The Delhi High Court on Wednesday had asked Central Electricity Regulatory Commission to consider and decide on the NTPC representation against the regulations that would take effect from April 1.
As per the regulations notified by CERC, there will be changes with regard to tax and calculation of incentives for thermal power plants.
The regulations also require thermal plants to calculate incentives based on plant load factor (PLF) rather than plant availability factor (PAF).

The PAF is the declared capacity or the total generation capacity of the plant, whereas PLF is the actual generation which is based on the demand.
According to sources, with the new guidelines coming into place from April 1, the company may find it difficult to find lenders in the future as the new regulations may impact the company's financials. They said it will make its presentation to CERC within a week.
NTPC has said that it will suffer a loss of around Rs 7,000 crore if regulations come into effect.
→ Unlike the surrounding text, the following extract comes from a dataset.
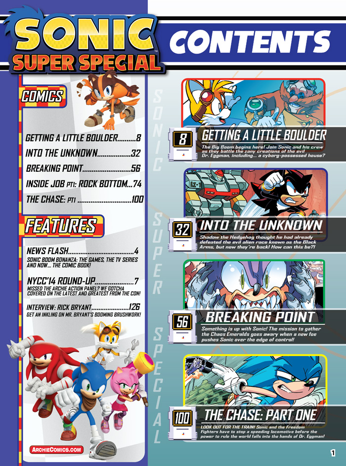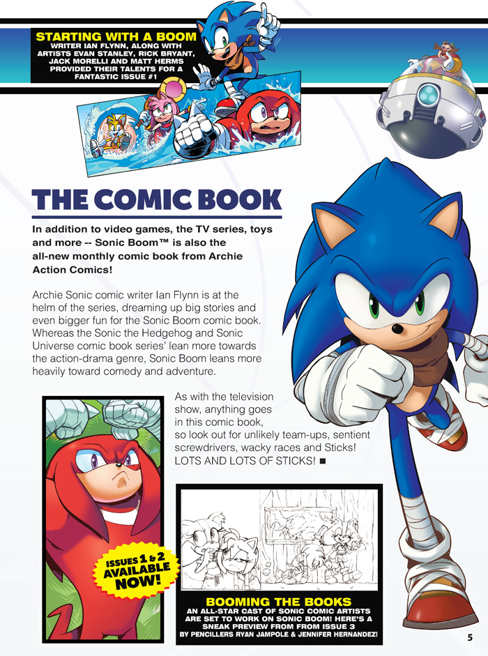 “Sonic Boom-tacular!”: The mega-magazine stuffed with Sonic goodness comes speeding at you with exclusive SONIC BOOM special features, awesome art from the comic series and the inside scoop on the biggest Sonic event in decades! SONIC BOOM is the newest Sonic sensation bringing brand new games, cartoons—and now—comics!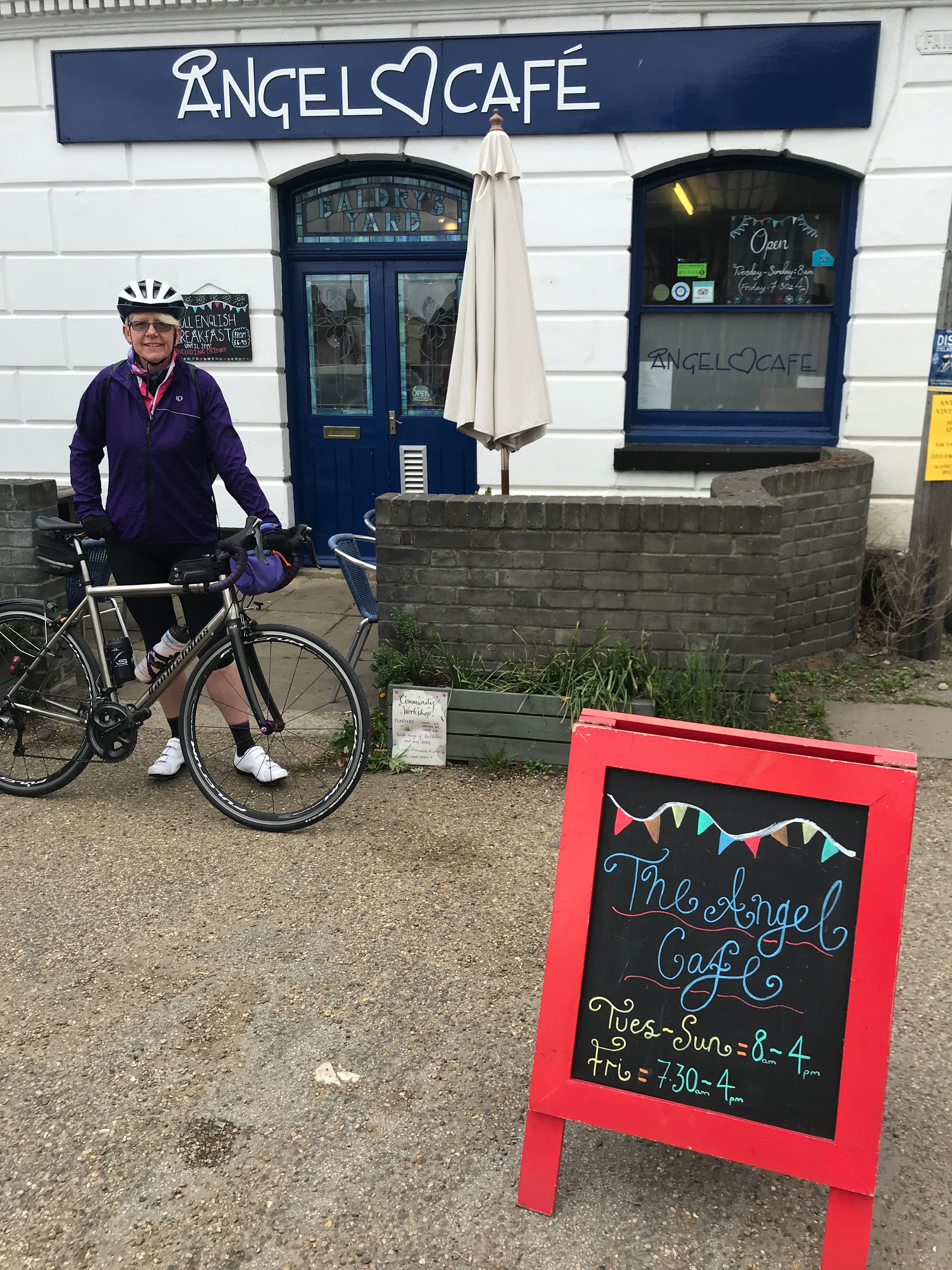 Just outside Diss after just over 50 miles we found the Angel cafe where we stopped for Eggs and Toast, by the time we left we had warmed up and was eager to get on our way, as we came into Diss I remember thinking the church looked quite spectacular.

The company has also said that it should be incentivised on total generation capacity of its plants.
CERC is expected to submit the report to the Delhi High Court in a month's time.
Query sent to NTPC CMD Arup Roy Choudhury remained unanswered.
“Recent CERC order will have 8-10 per cent downward impact on NTPC's profitability and therefore it is a cause of concern for NTPC,” Debasish Mishra, Senior Director (Consulting) Deloitte said.